The task: Omit the images and output every line of the data below exactly.

Recorded information:
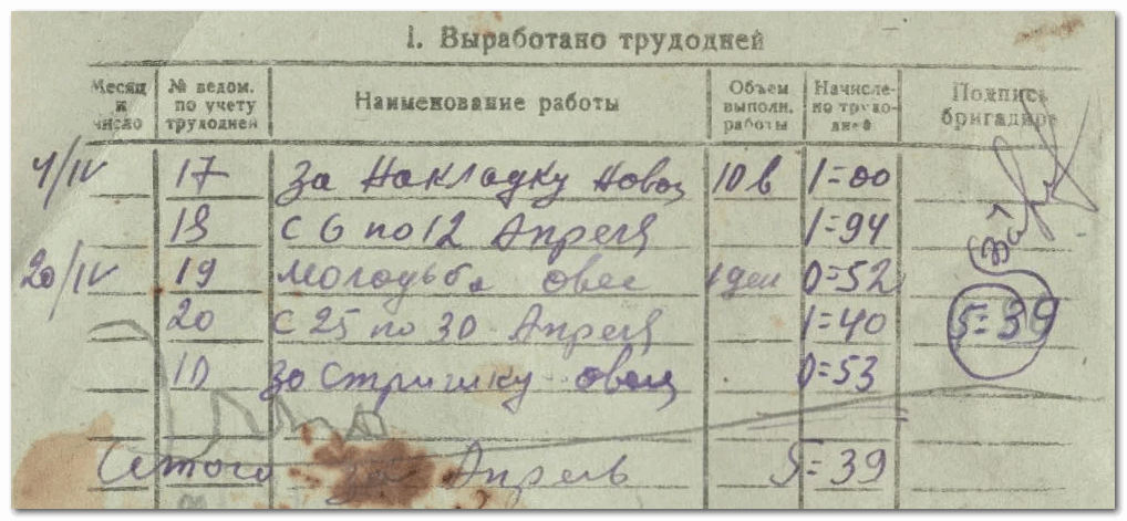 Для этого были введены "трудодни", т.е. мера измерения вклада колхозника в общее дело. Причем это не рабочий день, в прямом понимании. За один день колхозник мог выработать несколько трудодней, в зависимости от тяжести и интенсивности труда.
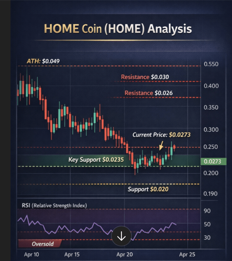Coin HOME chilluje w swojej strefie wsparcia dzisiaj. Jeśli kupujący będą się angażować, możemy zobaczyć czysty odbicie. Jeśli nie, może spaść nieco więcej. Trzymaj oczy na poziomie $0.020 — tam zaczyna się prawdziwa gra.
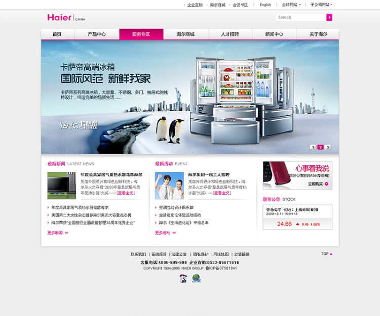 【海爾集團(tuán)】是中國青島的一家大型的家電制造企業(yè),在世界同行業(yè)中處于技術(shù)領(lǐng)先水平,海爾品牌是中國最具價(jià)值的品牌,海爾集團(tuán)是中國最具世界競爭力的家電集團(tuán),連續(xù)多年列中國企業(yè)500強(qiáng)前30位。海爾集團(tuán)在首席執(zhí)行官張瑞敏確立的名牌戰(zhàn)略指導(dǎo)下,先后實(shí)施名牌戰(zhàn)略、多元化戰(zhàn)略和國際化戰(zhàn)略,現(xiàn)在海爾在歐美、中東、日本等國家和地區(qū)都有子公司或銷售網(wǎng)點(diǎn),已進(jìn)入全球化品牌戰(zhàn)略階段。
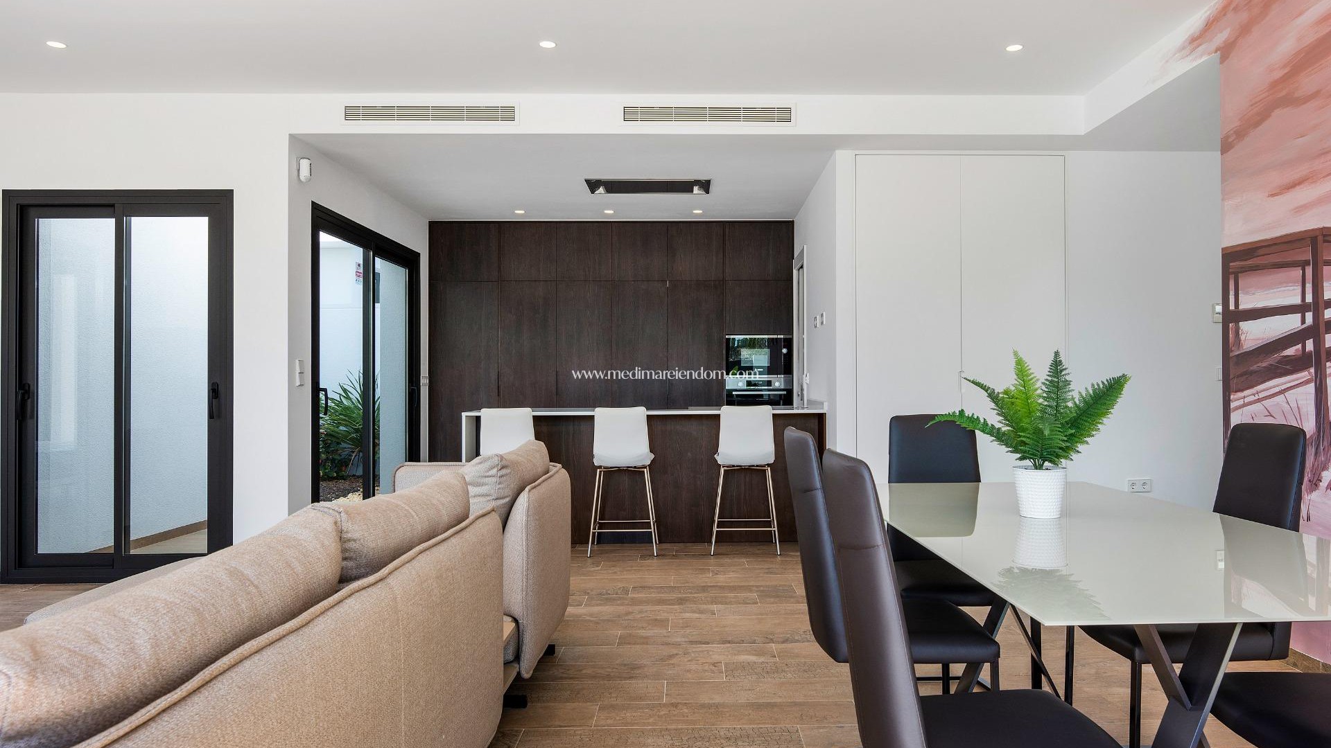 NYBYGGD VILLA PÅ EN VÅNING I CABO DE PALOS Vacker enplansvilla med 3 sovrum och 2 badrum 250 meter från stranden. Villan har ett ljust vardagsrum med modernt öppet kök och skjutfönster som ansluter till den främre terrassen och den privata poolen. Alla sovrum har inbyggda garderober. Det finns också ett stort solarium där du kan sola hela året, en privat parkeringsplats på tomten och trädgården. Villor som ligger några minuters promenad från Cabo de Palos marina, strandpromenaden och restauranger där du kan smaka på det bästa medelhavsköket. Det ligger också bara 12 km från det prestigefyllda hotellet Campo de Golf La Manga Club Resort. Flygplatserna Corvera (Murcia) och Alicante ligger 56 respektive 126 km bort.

Solution to this exercise:
 Для этого были введены "трудодни", т.е. мера измерения вклада колхозника в общее дело. Причем это не рабочий день, в прямом понимании. За один день колхозник мог выработать несколько трудодней, в зависимости от тяжести и интенсивности труда.
Coin HOME chilluje w swojej strefie wsparcia dzisiaj. Jeśli kupujący będą się angażować, możemy zobaczyć czysty odbicie. Jeśli nie, może spaść nieco więcej. Trzymaj oczy na poziomie $0.020 — tam zaczyna się prawdziwa gra.
 【海爾集團(tuán)】是中國青島的一家大型的家電制造企業(yè),在世界同行業(yè)中處于技術(shù)領(lǐng)先水平,海爾品牌是中國最具價(jià)值的品牌,海爾集團(tuán)是中國最具世界競爭力的家電集團(tuán),連續(xù)多年列中國企業(yè)500強(qiáng)前30位。海爾集團(tuán)在首席執(zhí)行官張瑞敏確立的名牌戰(zhàn)略指導(dǎo)下,先后實(shí)施名牌戰(zhàn)略、多元化戰(zhàn)略和國際化戰(zhàn)略,現(xiàn)在海爾在歐美、中東、日本等國家和地區(qū)都有子公司或銷售網(wǎng)點(diǎn),已進(jìn)入全球化品牌戰(zhàn)略階段。
 NYBYGGD VILLA PÅ EN VÅNING I CABO DE PALOS Vacker enplansvilla med 3 sovrum och 2 badrum 250 meter från stranden. Villan har ett ljust vardagsrum med modernt öppet kök och skjutfönster som ansluter till den främre terrassen och den privata poolen. Alla sovrum har inbyggda garderober. Det finns också ett stort solarium där du kan sola hela året, en privat parkeringsplats på tomten och trädgården. Villor som ligger några minuters promenad från Cabo de Palos marina, strandpromenaden och restauranger där du kan smaka på det bästa medelhavsköket. Det ligger också bara 12 km från det prestigefyllda hotellet Campo de Golf La Manga Club Resort. Flygplatserna Corvera (Murcia) och Alicante ligger 56 respektive 126 km bort.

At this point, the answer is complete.